As shown in fig. 2, fig. 2 is a schematic diagram of a topology structure of a network node according to an embodiment of the present invention. In order to facilitate the electronic equipment to identify different nodes more easily, the nodes are numbered, so that the electronic equipment can distinguish the nodes without detecting the equipment information of the nodes. In the figure, 7 nodes are numbered as node 1 to node 7, the euclidean distance between every two nodes is calculated according to the positions of every two nodes, if the euclidean distance between the node 1 and the node 2 is 40 meters, the communication radius of the node 1 is 50 meters, and the communication radius of the node 2 is 60 meters, the euclidean distance between the node 1 and the node 2 is smaller than the minimum value of the communication radii of the two nodes, namely 50 meters, so that a connection relationship exists between the node 1 and the node 2, and the connection line exists between the node 1 and the node 2. If the euclidean distance between the node 1 and the node 4 is 70 meters, the communication radius of the node 1 is 50 meters, and the communication radius of the node 4 is 70 meters, the euclidean distance between the node 1 and the node 4 is greater than the minimum value of the communication radii of the two nodes, namely 50 meters, so that no connection exists between the node 1 and the node 4, which is shown in the figure.

103, constructing an adjacent matrix according to the connection relationship between every two nodes, wherein the elements of each row in the adjacent matrix correspond to the same node, the elements of each column in the adjacent matrix correspond to the same node, the value of each element in the adjacent matrix represents the connection relationship between the two nodes corresponding to the element, the node corresponding to the element of the nth row is the same as the node corresponding to the element of the nth column, and n is greater than or equal to 1 and less than or equal to the number of nodes in a preset control range.

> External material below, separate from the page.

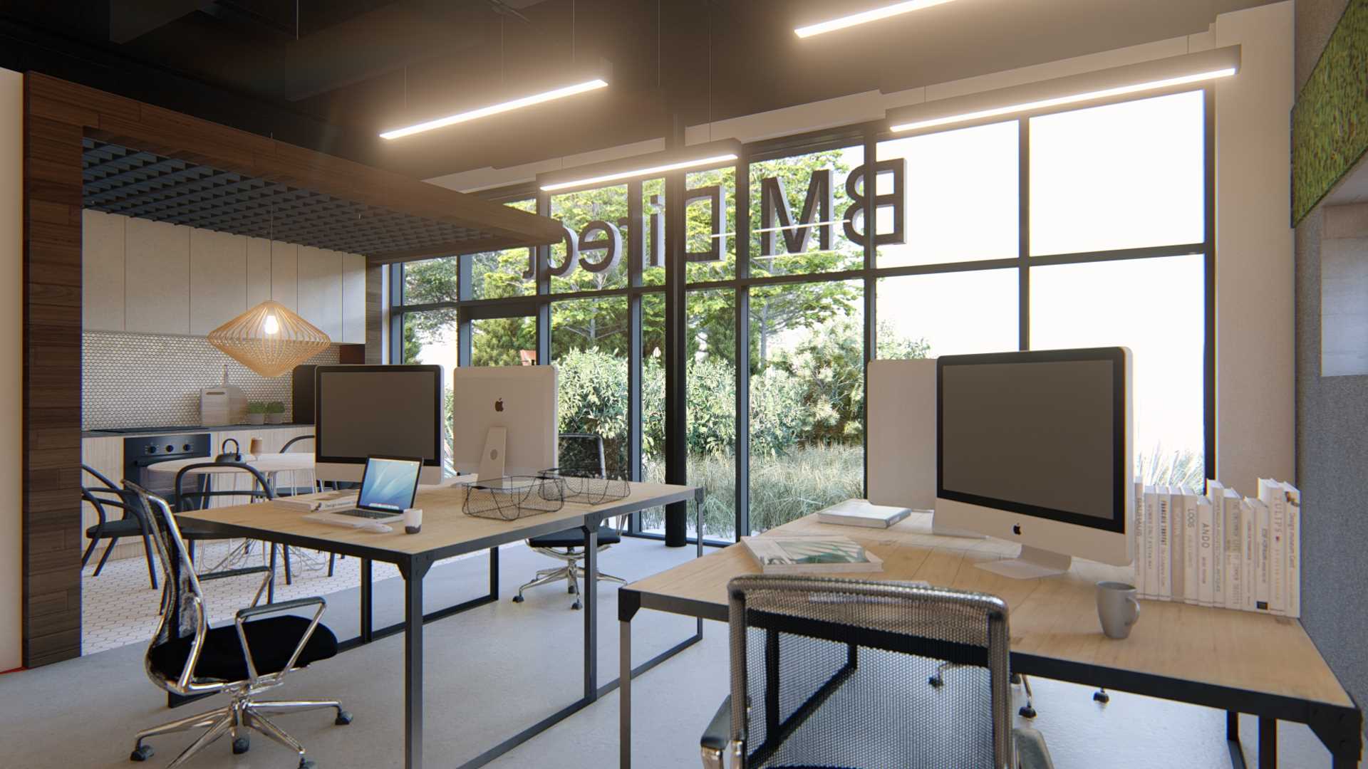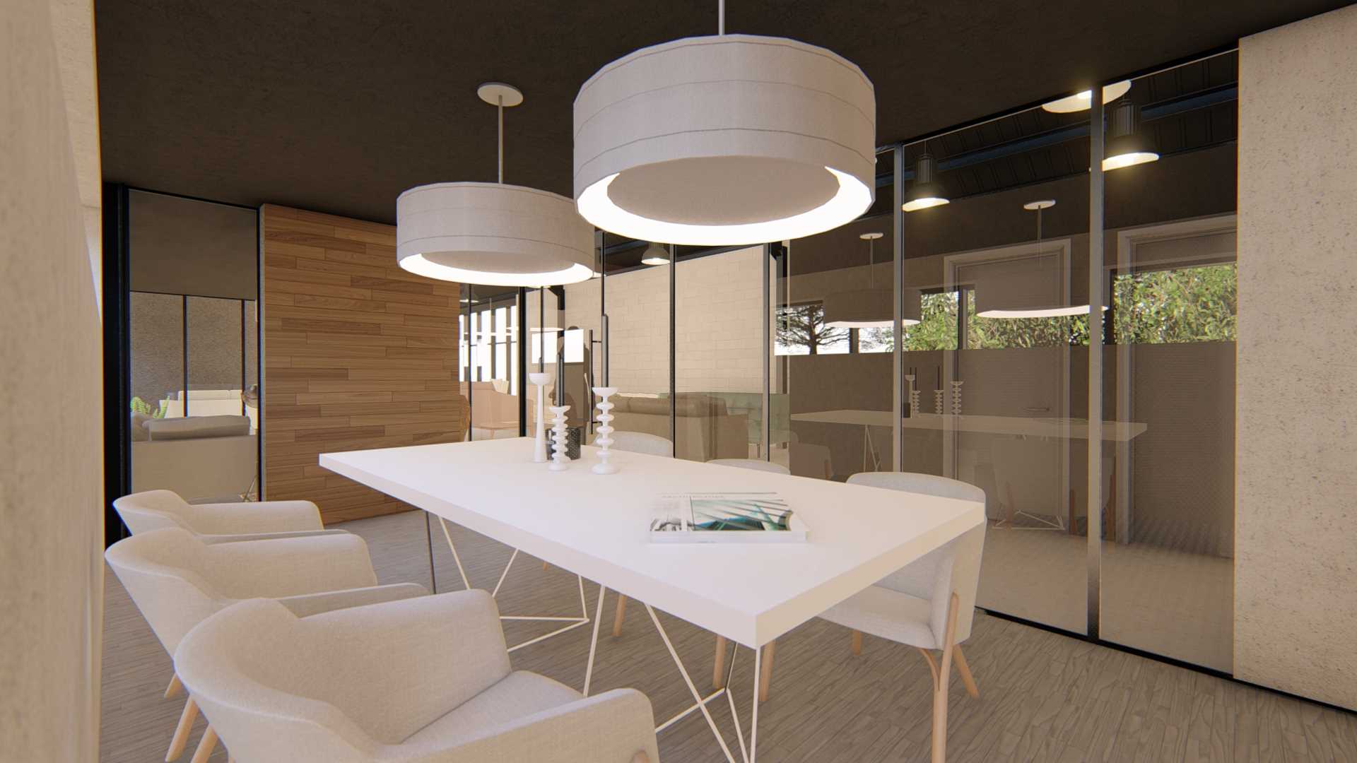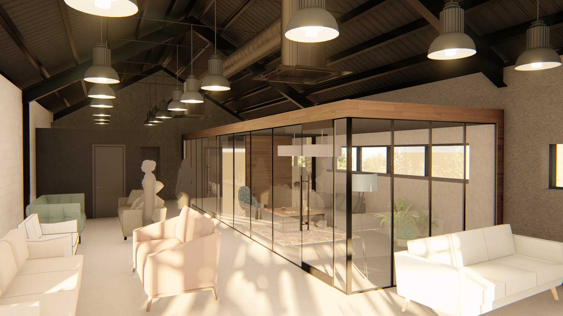 The layout has been designed to provide flexibility throughout with open-plan office and showroom accommodation. Meeting rooms have been provided using pod-like structures clad with rustic timber paneling and industrial aluminum glazed screens.

In one embodiment, the electronic device may construct the adjacency matrix as follows.

Constructing an initial matrix, wherein the number of rows and the number of columns of the initial matrix are the same as the number of nodes in a preset control range, elements of each row in the initial matrix correspond to the same node, and elements of each column in the initial matrix correspond to the same node; the node corresponding to the element of the nth row is the same as the node corresponding to the element of the nth column, and n is greater than or equal to 1 and less than or equal to the number of nodes in a preset control range;

for every two nodes, if a connection relation exists between the two nodes, setting values of elements corresponding to the two nodes in the initial matrix as a first preset value; if the two nodes do not have a connection relation, setting the values of elements corresponding to the two nodes in the initial matrix as second preset values;

and after the setting of the values of all the elements in the initial matrix is finished, taking the initial matrix after the setting as an adjacent matrix.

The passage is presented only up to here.